:: RECORD EXCERPTS

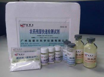 配合農藥殘留快速檢測儀使用,符合GB/;448-2001標準,組成部分:膽堿酯酶、顯色劑、底物、緩沖液,約500次檢測用量
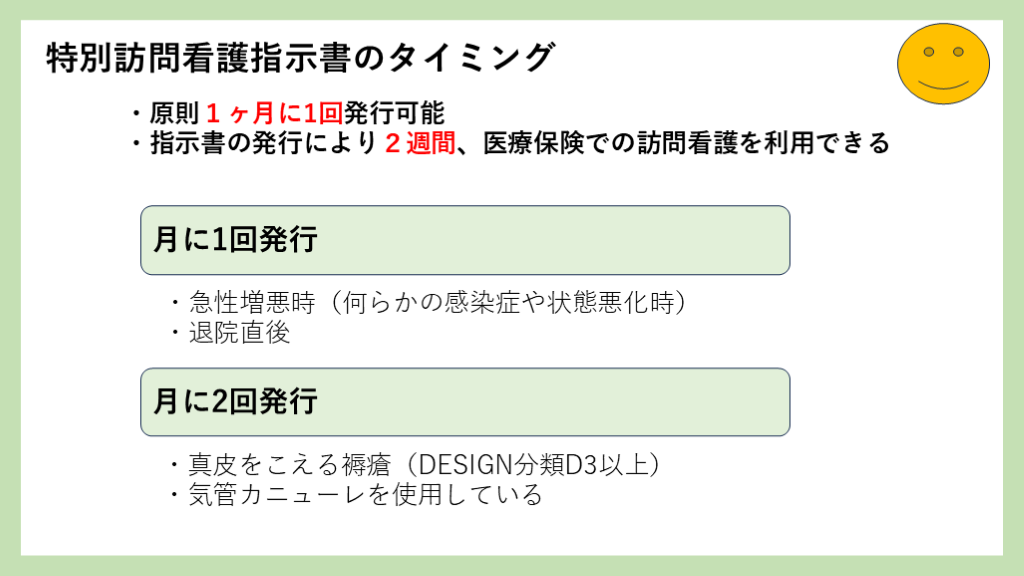 →特別訪問看護指示書を出せるタイミング(退院、増悪、褥瘡、気管カニューレ)
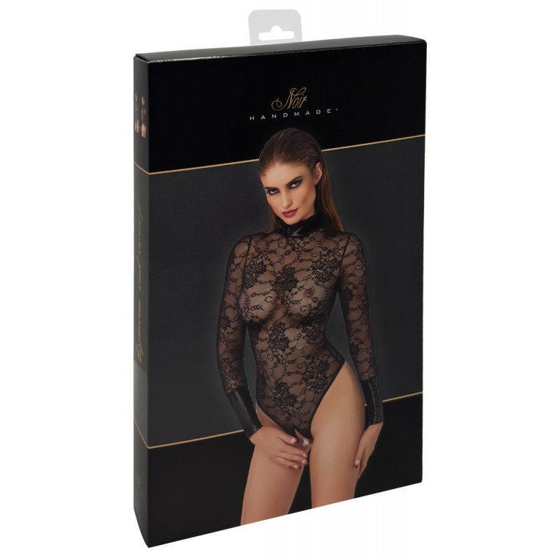 Style dentelle et confort ! Stringbody ouvert exclusif de Noir en fine dentelle florale noire. Avec des détails Powerwetlook stylés comme collier sur le col montant à volants en dentelle et comme larges manchettes sur les manches longues. Doux et élastique pour un grand confort de port. Les découpes extra hautes pour les jambes mettent parfaitement en valeur les fesses et les jambes. Ouverture séduisante à l'entrejambe. Le col montant se boutonne dans la nuque. 85% polyamide, 15% élasthanne. Pour Noir, il existe un tableau des tailles séparé.
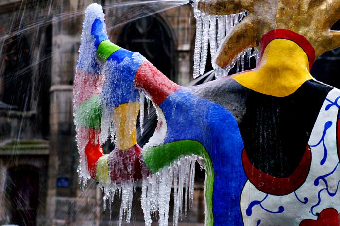 Dommage de ne pas avoir cadré la sculpture en entier, la coupure juste en-dessus du jet d'eau me gêne un peu. Sinon, belle photo !
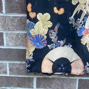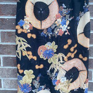Striking vintage Clio skirt featuring a bold Asian-inspired print with parasols, florals, and bamboo on a black background. This piece is a true statement skirt — versatile enough to dress up or style casually with a tee or sweater.
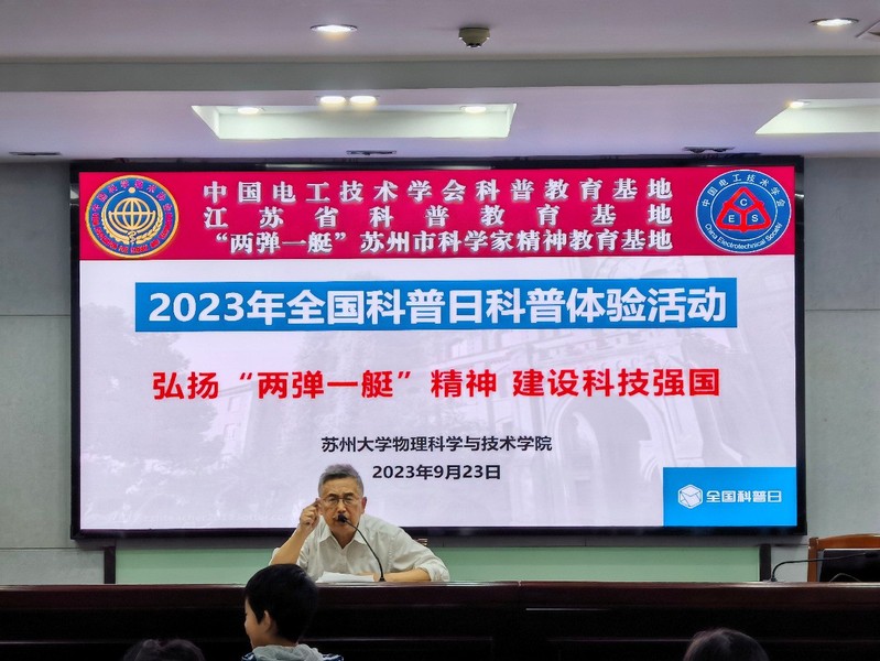 为积极响应2023年全国科普日活动号召,贯彻落实习近平总书记关于“科技创新、科学普及是实现创新发展的两翼,要把科学普及放在与科技创新同等重要的位置”的讲话精神,大力弘扬科学精神,普及科学知识,积极发挥皇冠博彩科普教育基地的资源和人才优势,9月23日上午,皇冠博彩 举办了“弘扬‘两弹一艇’精神 建设科技强国” 2023年全国科普日科普体验活动。皇冠博彩 “两弹”科学家魏品良教授、副院长赵承良教授、发展办公室主任周航老师、学工办副主任单杨杰老师、刘波老师、“科学商店”全国大学生科技志愿服务示范团队以及苏州市中小学生及家长近80人参加本次活动。
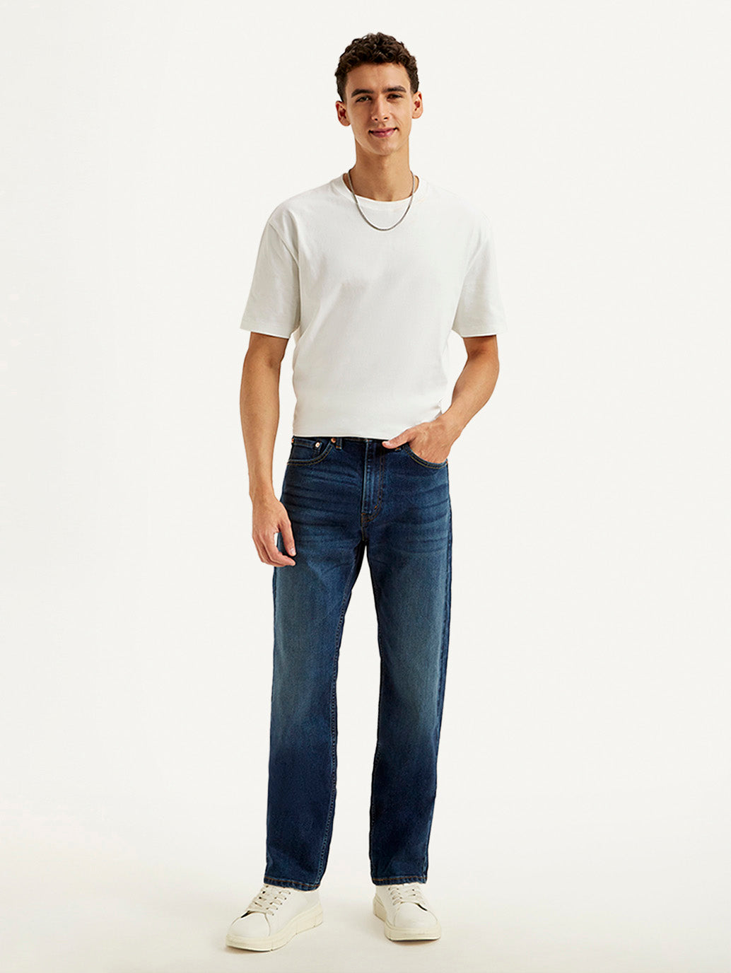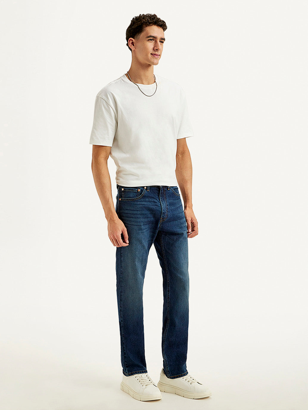 Want a fashion upgrade to your look? Start with these comfy navy Levi's jeans. Made from premium cotton-poly blend fabric, this regular-fit denim delivers style with immense comfort. Long lasting perfect full length pair.

::::

> [WHAT IS NEEDED] Output every entry above exactly as written, but omit the pictures.

> [WRITTEN ANSWER]
 配合農藥殘留快速檢測儀使用,符合GB/;448-2001標準,組成部分:膽堿酯酶、顯色劑、底物、緩沖液,約500次檢測用量
 →特別訪問看護指示書を出せるタイミング(退院、増悪、褥瘡、気管カニューレ)
 Style dentelle et confort ! Stringbody ouvert exclusif de Noir en fine dentelle florale noire. Avec des détails Powerwetlook stylés comme collier sur le col montant à volants en dentelle et comme larges manchettes sur les manches longues. Doux et élastique pour un grand confort de port. Les découpes extra hautes pour les jambes mettent parfaitement en valeur les fesses et les jambes. Ouverture séduisante à l'entrejambe. Le col montant se boutonne dans la nuque. 85% polyamide, 15% élasthanne. Pour Noir, il existe un tableau des tailles séparé.
 Dommage de ne pas avoir cadré la sculpture en entier, la coupure juste en-dessus du jet d'eau me gêne un peu. Sinon, belle photo !
Striking vintage Clio skirt featuring a bold Asian-inspired print with parasols, florals, and bamboo on a black background. This piece is a true statement skirt — versatile enough to dress up or style casually with a tee or sweater.
 为积极响应2023年全国科普日活动号召,贯彻落实习近平总书记关于“科技创新、科学普及是实现创新发展的两翼,要把科学普及放在与科技创新同等重要的位置”的讲话精神,大力弘扬科学精神,普及科学知识,积极发挥皇冠博彩科普教育基地的资源和人才优势,9月23日上午,皇冠博彩 举办了“弘扬‘两弹一艇’精神 建设科技强国” 2023年全国科普日科普体验活动。皇冠博彩 “两弹”科学家魏品良教授、副院长赵承良教授、发展办公室主任周航老师、学工办副主任单杨杰老师、刘波老师、“科学商店”全国大学生科技志愿服务示范团队以及苏州市中小学生及家长近80人参加本次活动。
 Want a fashion upgrade to your look? Start with these comfy navy Levi's jeans. Made from premium cotton-poly blend fabric, this regular-fit denim delivers style with immense comfort. Long lasting perfect full length pair.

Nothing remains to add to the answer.